METHODS: MRI features of 21 patients with preoperative suspicion of retrorectal tumors were analyzed based on the histopathological and clinical data.
RESULTS: Fourteen benign cystic lesions appeared hypointense on T1-weighted images, and hyperintense on T2-weighted images with regular peripheral rim. Epidermoid or dermoid cysts were unilocular, and tailgut cysts were multilocular. Presence of intracystic intermediate signal intensity was observed in one case of tailgut cyst with a component of adenocarcinoma. Six solid tumors were malignant lesions and showed heterogeneous intensity on MRI. Mucinous adenocarcinomas showed high signal intensity on T2-weighted and mesh-like enhancing areas on fat-suppressed T2-weighted images. There was a fistula between the mass and anus with an internal opening in mucinous adenocarcinomas arising from anal fistula.
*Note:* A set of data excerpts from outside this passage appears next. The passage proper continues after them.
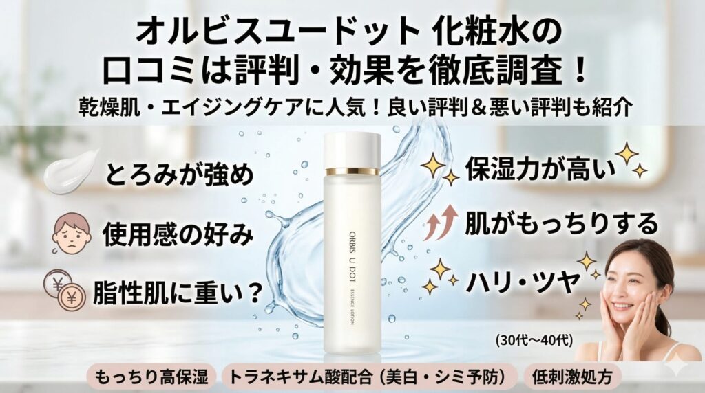 リード文 この記事では、オルビスユードット 化粧水の口コミについて詳しく解説します。結論から言うと、オルビスユードット 化粧水は「保湿力が高い」「肌がもっちりする」といった口コミが多く、乾燥肌の方やエイジングケアを始めたい方から高い評価を得... -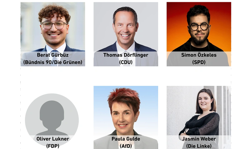 Credits: Berat Gürbüz (B90/Grüne; Foto von Joshua Meisel), Thomas Dörflinger (CDU; Foto von privat), Simon Özkeles (SPD; Foto von SPD-Landesverband BW), Oliver Lukner (FDP; Foto von FDP Landesverband BW), Paula Gulde (AfD; Foto von privat), Jasmin Weber (Die Linke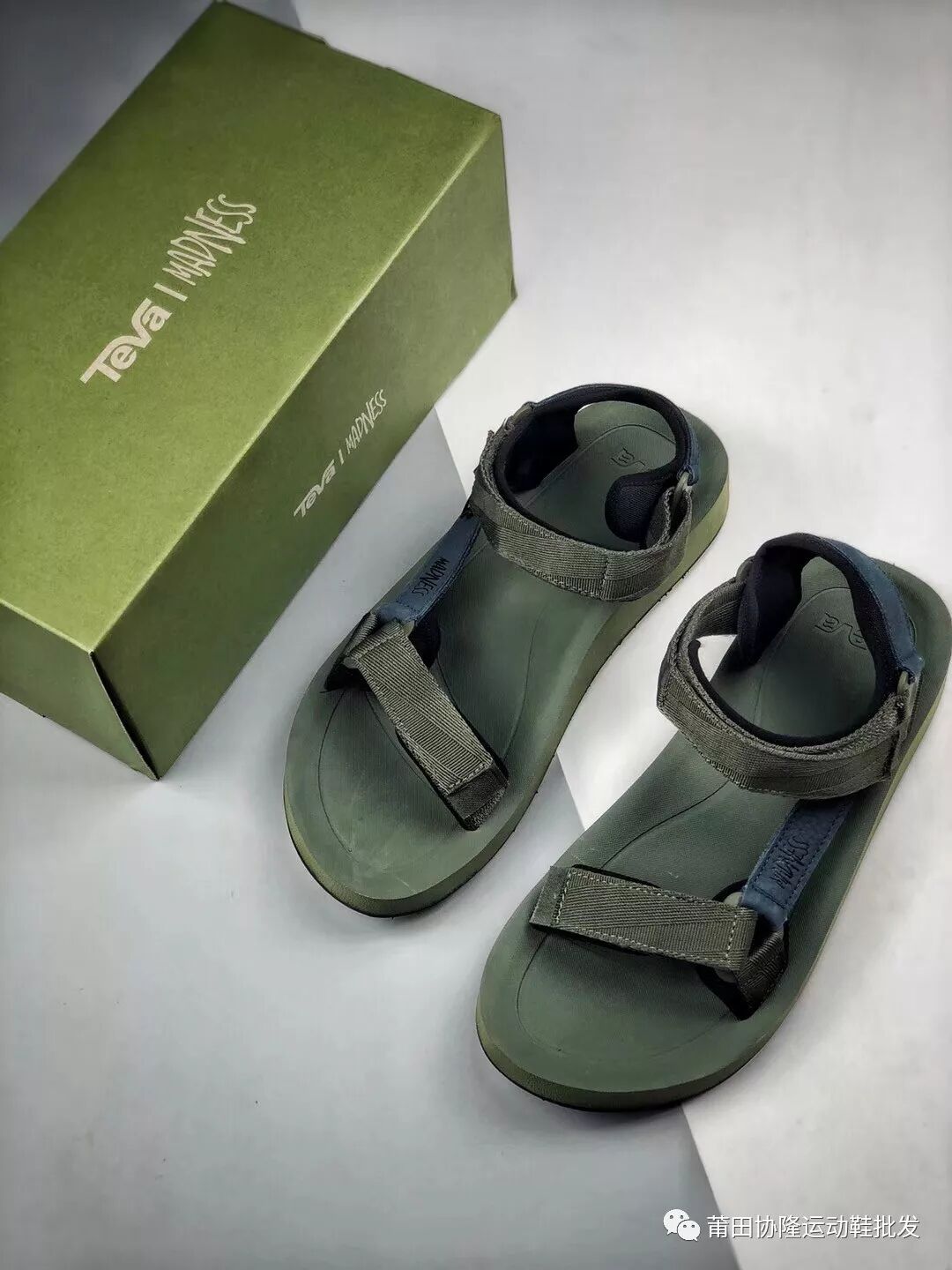 MADNESS一贯的复古与军事格调在这双凉鞋上再次得到充分体现,经典的TEVA鞋面三角搭扣简约油性,工装风格的编织绑带速干且耐用,并并拼入带褪色效果的蓝色皮革,上面压印着MADNESS签名式的LOGO,此外鞋床采用FLOAT LITE™轻型泡沫,并搭载TEVA引以为傲的缓震中底与强力抓地大底,适配户外与城市道路穿着需求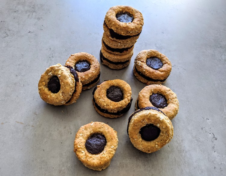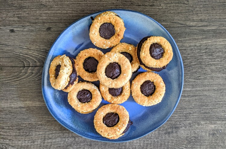 4. Étalez l’équivalent d’une cuillère à café sur un biscuit plein et disposez sur le dessus un biscuit sur lequel vous aurez fait une forme. Puis appuyez doucement de façon uniforme pour ne pas briser le biscuit.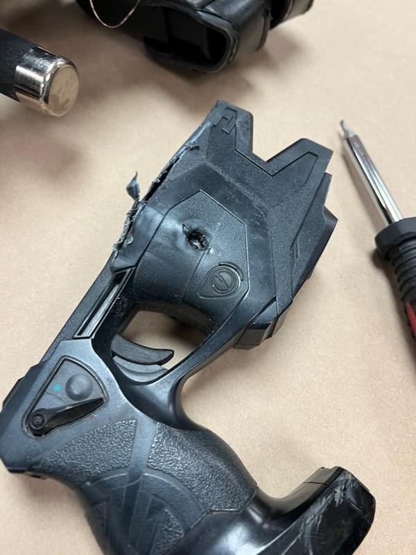 PUNA, Hawaii — A Hawaii police officer narrowly avoided injury when a bullet hit his holstered TASER during a foot pursuit.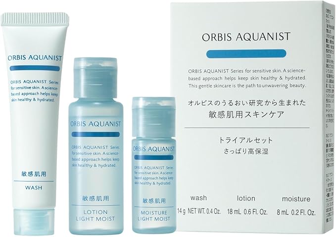 This trial set includes approximately one week’s worth of the moisturizing skincare “ORBIS U Aquanist Series (refreshing, highly moisturizing type)” for sensitive skin, including face wash, lotion, and emulsion.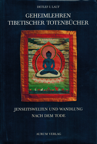 Lauf, Detlef-I[ngo]: Geheimlehren tibetischer Totenbücher. Jenseitswelten und Wandlung nach dem Tode. Ein west-östlicher Vergleich mit psychologischem Kommentar. Aurum Verlag, Freiburg im Breisgau 1977. 2. erweiterte und verbesserte Auflage. Gr.-8°. Mit einem Vorwort von Frederic Spiegelberg. Mit 26 Abb. u. Tabellen und Übersichten im Text sowie 12 Tafeln, davon 4 in Farbe. 288 S., 1 Bl. OLwd. mit Goldprägung u. OUmschlag.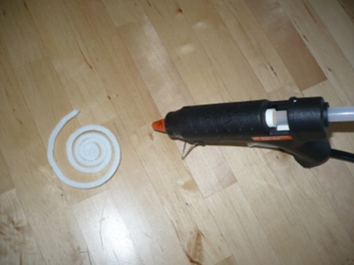 2. Drátky stočíme a pomocí tavné pistole slepíme.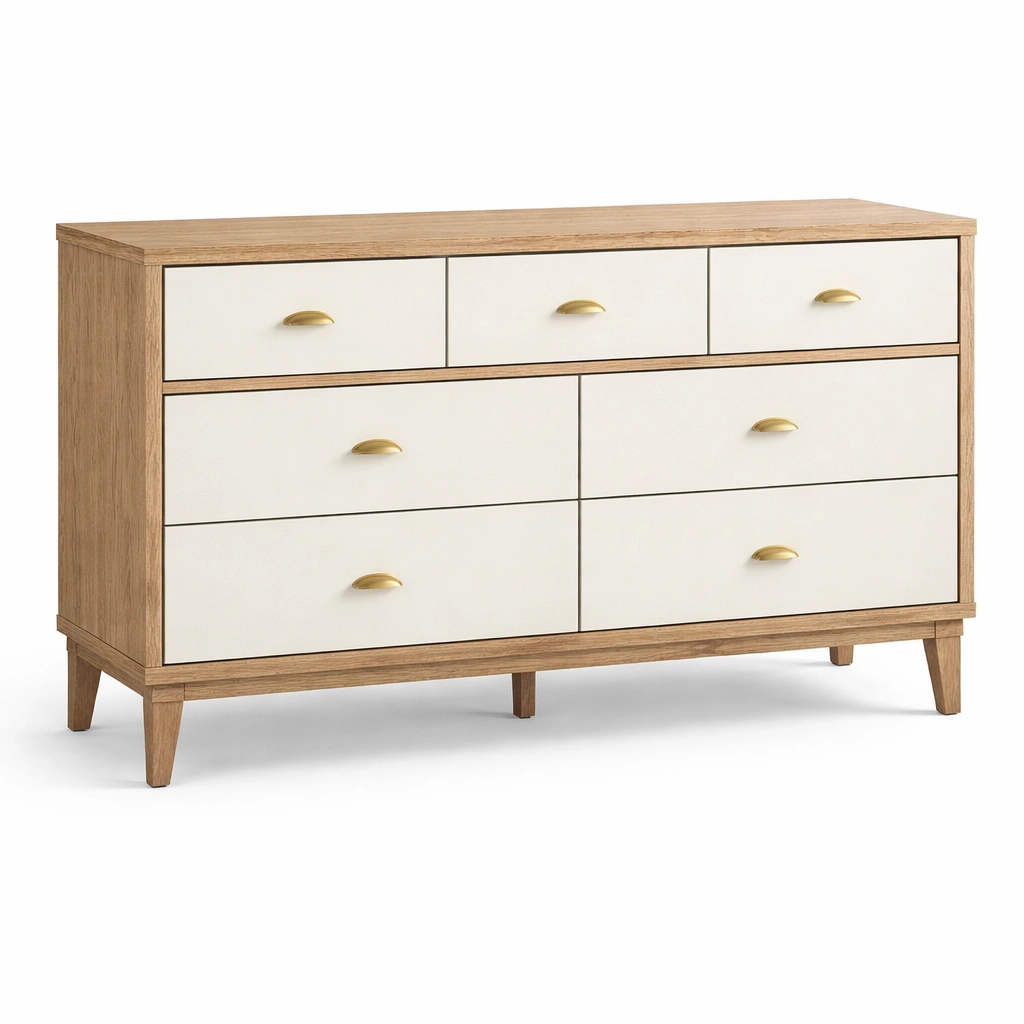 Tiene un diseño con color Blanco, Roble y Dorado. Dispone de 7 cajones con tiradores metálicos dorados y patas de madera.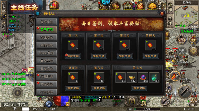 2、在游戏开始时,你将获得首充奖励和每日签到奖励。务必将这些福利用于提升自己的战力,获取元宝和稀有材料。此外,击杀怪物和挑战BOSS都会掉落大量资源,这些都能帮助你更好地提升装备和技能。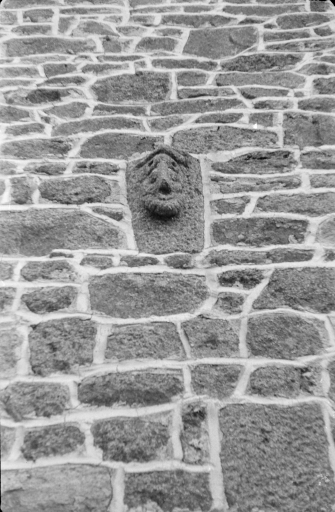 La Harilais, ferme, tête sculptée sur la façade postérieure.Immatriculation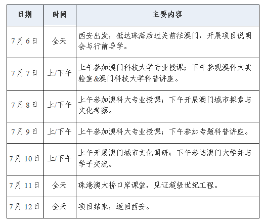 2、参访澳门科技大学、澳门大学,澳门理工大学和澳门科技馆等机构,充分了解澳门的学习和工作,游览澳门历史文化遗产,体验澳门文化;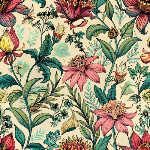 Seamless pattern of Victorian-era botanical illustrations arranged in a repeating design, Generative AI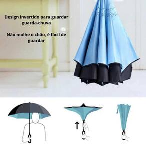 Como funciona O guarda-chuva invertido possui um sistema de fechamento inovador, justamente por fechar ao contrário, facilitando ao entrar no carro em dias de chuva, retendo água. Após fechá-lo, basta colocá-lo em pé para a água escorrer e logo estará seco. Desenvolvido para permanecer em pé, traz mais praticidade ao seu dia-a-dia.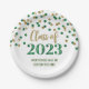 Customisable graduation party class of 2023 plates in glamourous gold and green confetti pattern and elegant hand lettered style text.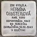 HERE LIVED HERMÍNA ORNSTEINOVÁ BORN 1880 DEPORTED 1942 TO THERESIENSTADT MURDERED 18.12.1943 IN AUSCHWITZ |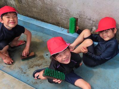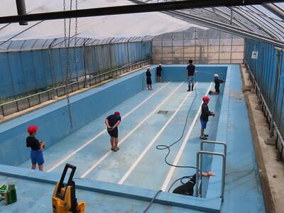 おおにぎわいのプールそうじにトカゲもびっくり(゚∀゚)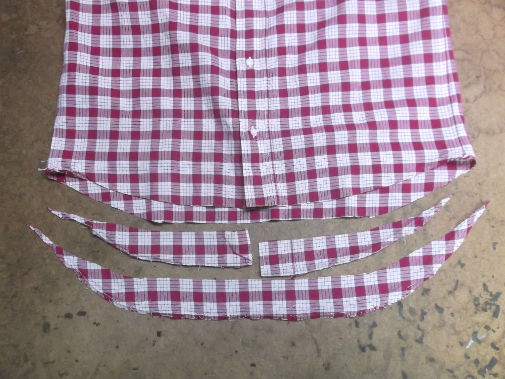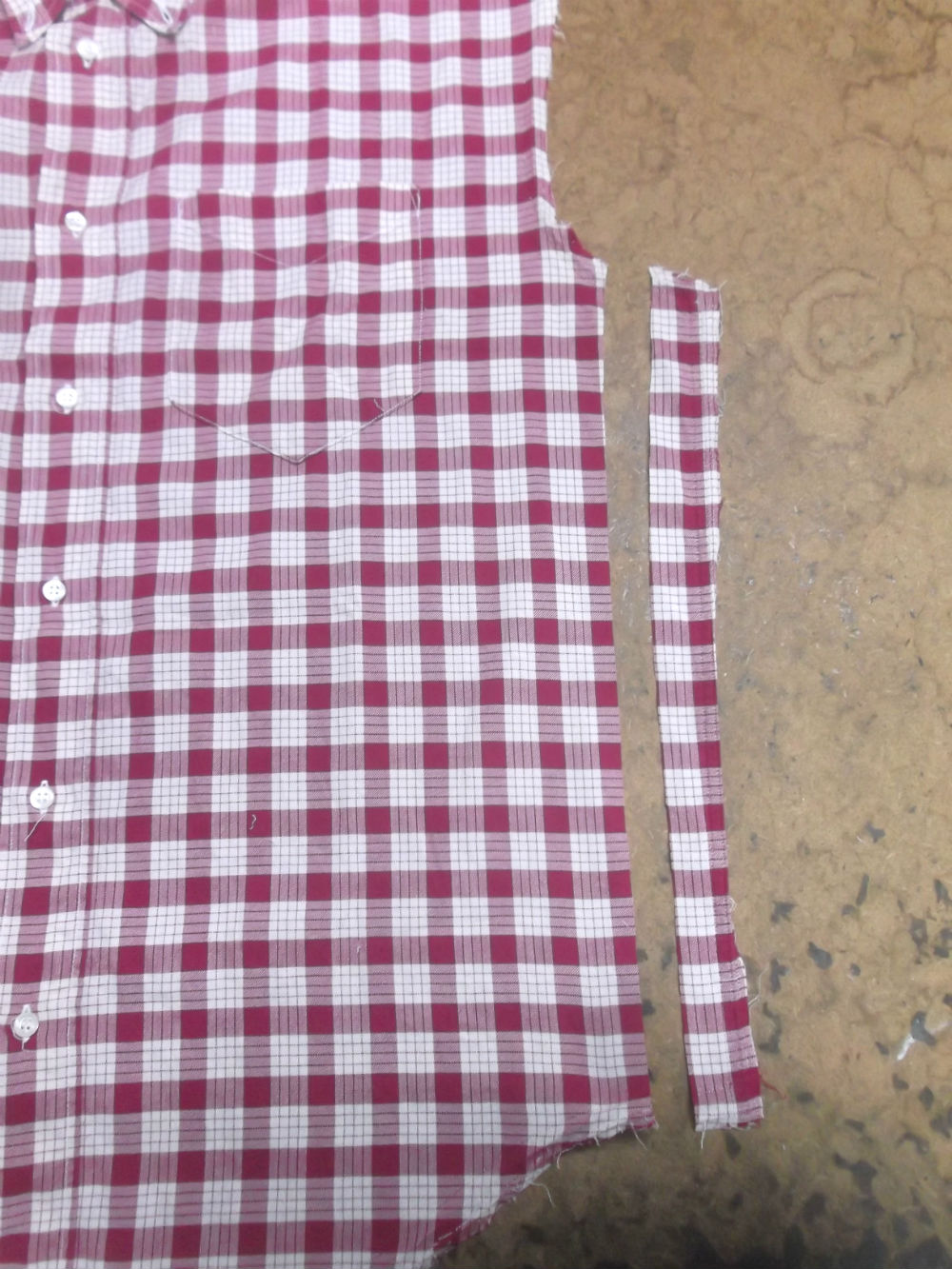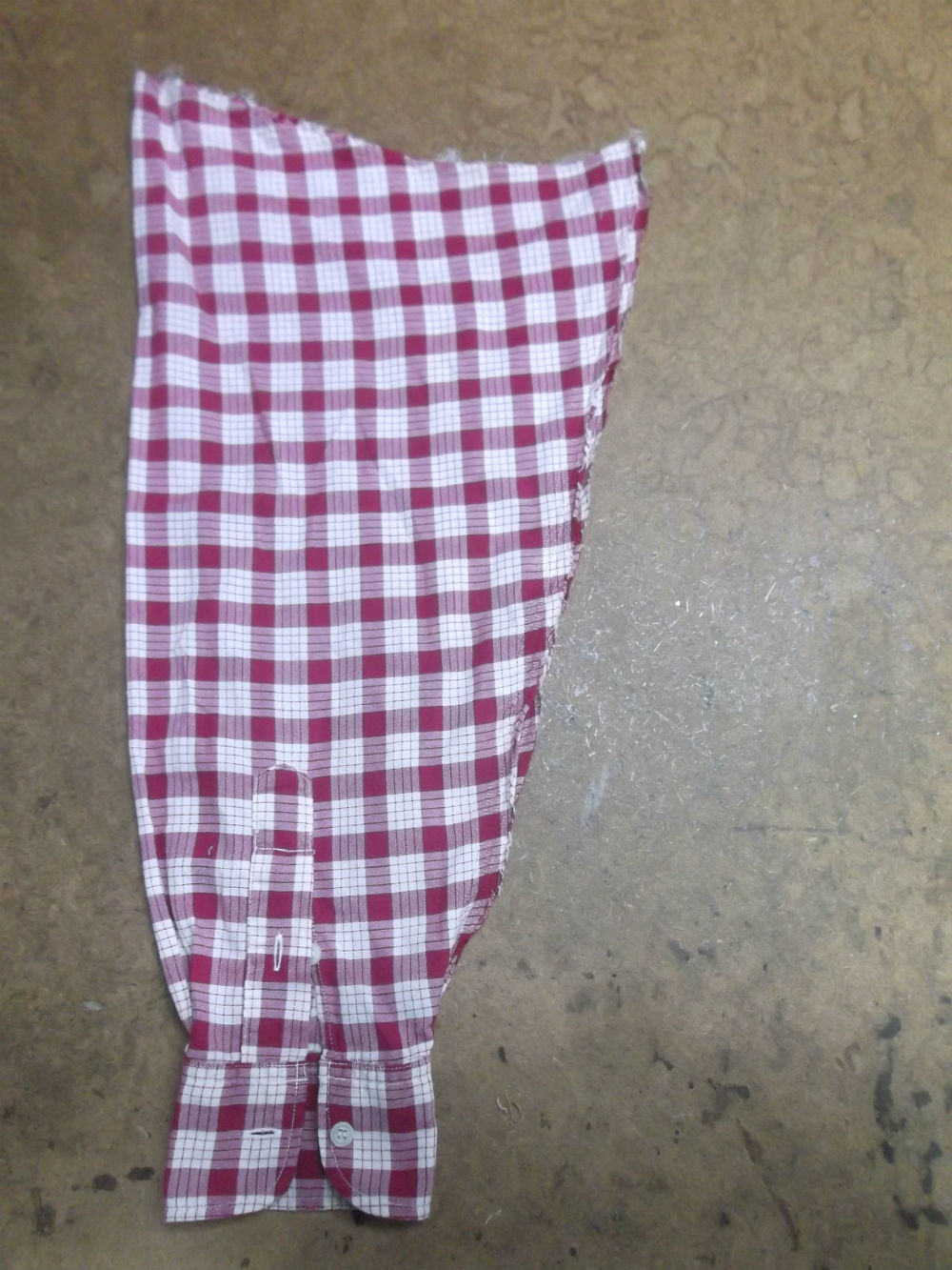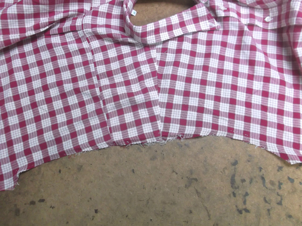 10枚目は着丈以外のシャツの胴体の肩幅、身幅、裾幅の生地をカットした後の写真です。
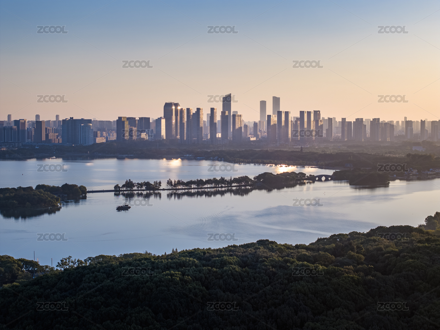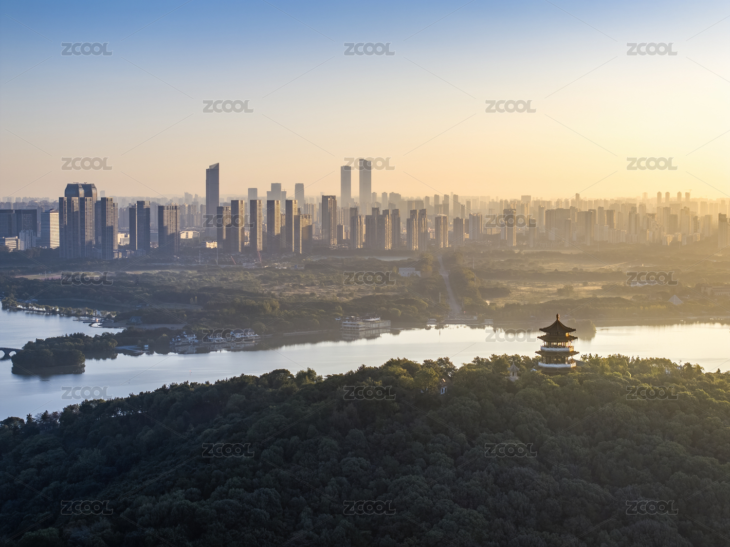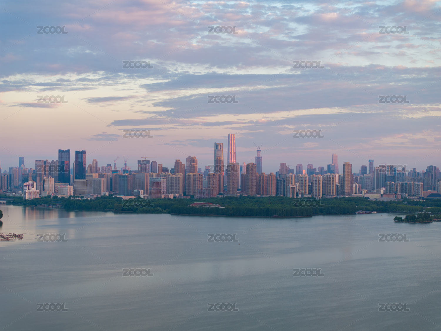 江苏省南京市长江外滩黄昏都市高楼建筑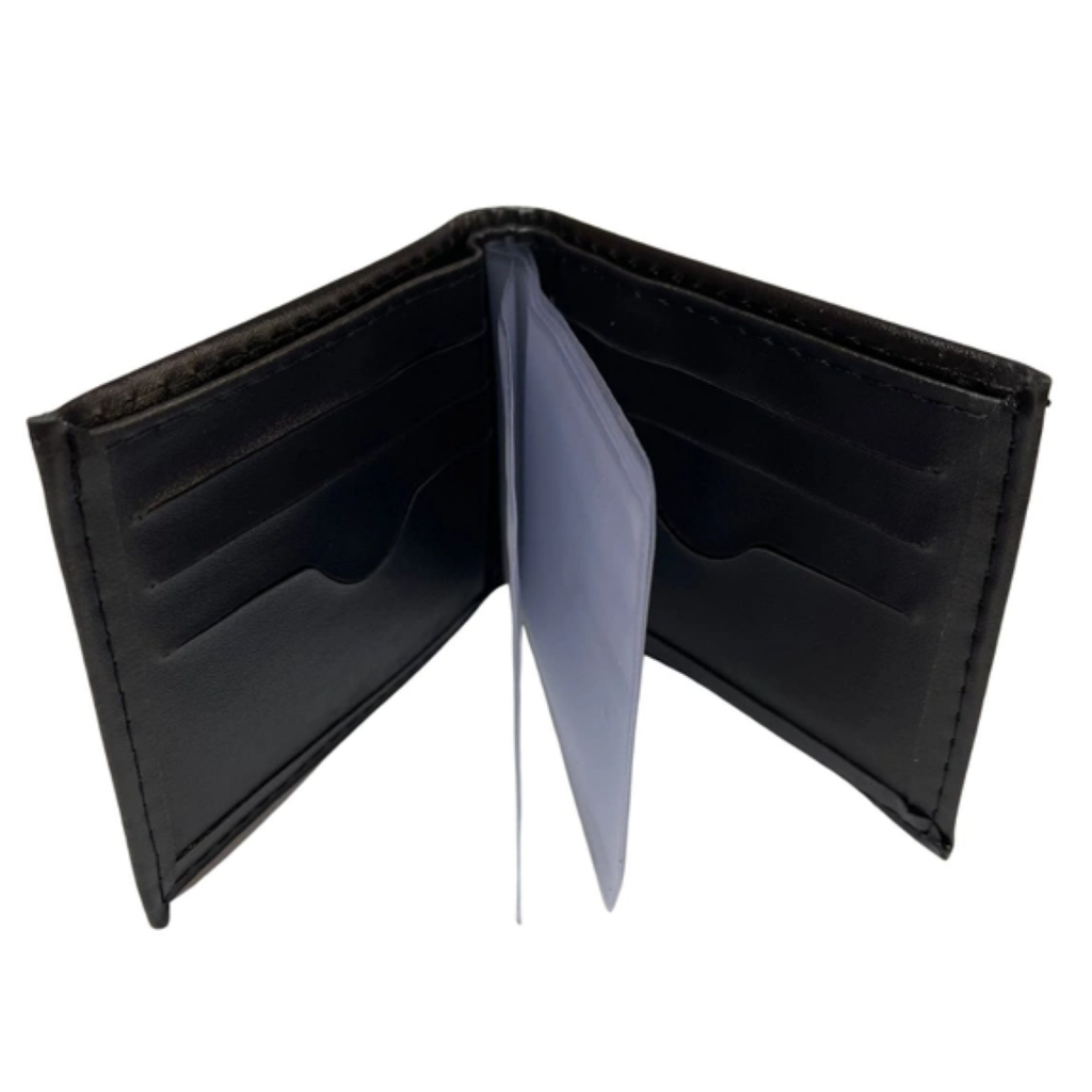 Carteira Masculina Couro Sintético Slim Preto Fina Pequena Porta Cartão

Gastrointestinal stromal tumors displayed low signal intensity on T1-weighted images, and intermediate to high signal intensity on T2-weighted images. Central necrosis could be seen as a high signal on T2-weighted images.
CONCLUSION: MRI is a helpful technique to define the extent of the retrorectal tumor and its relationship to the surrounding structures, and also to demonstrate possible complications so as to choose the best surgical approach.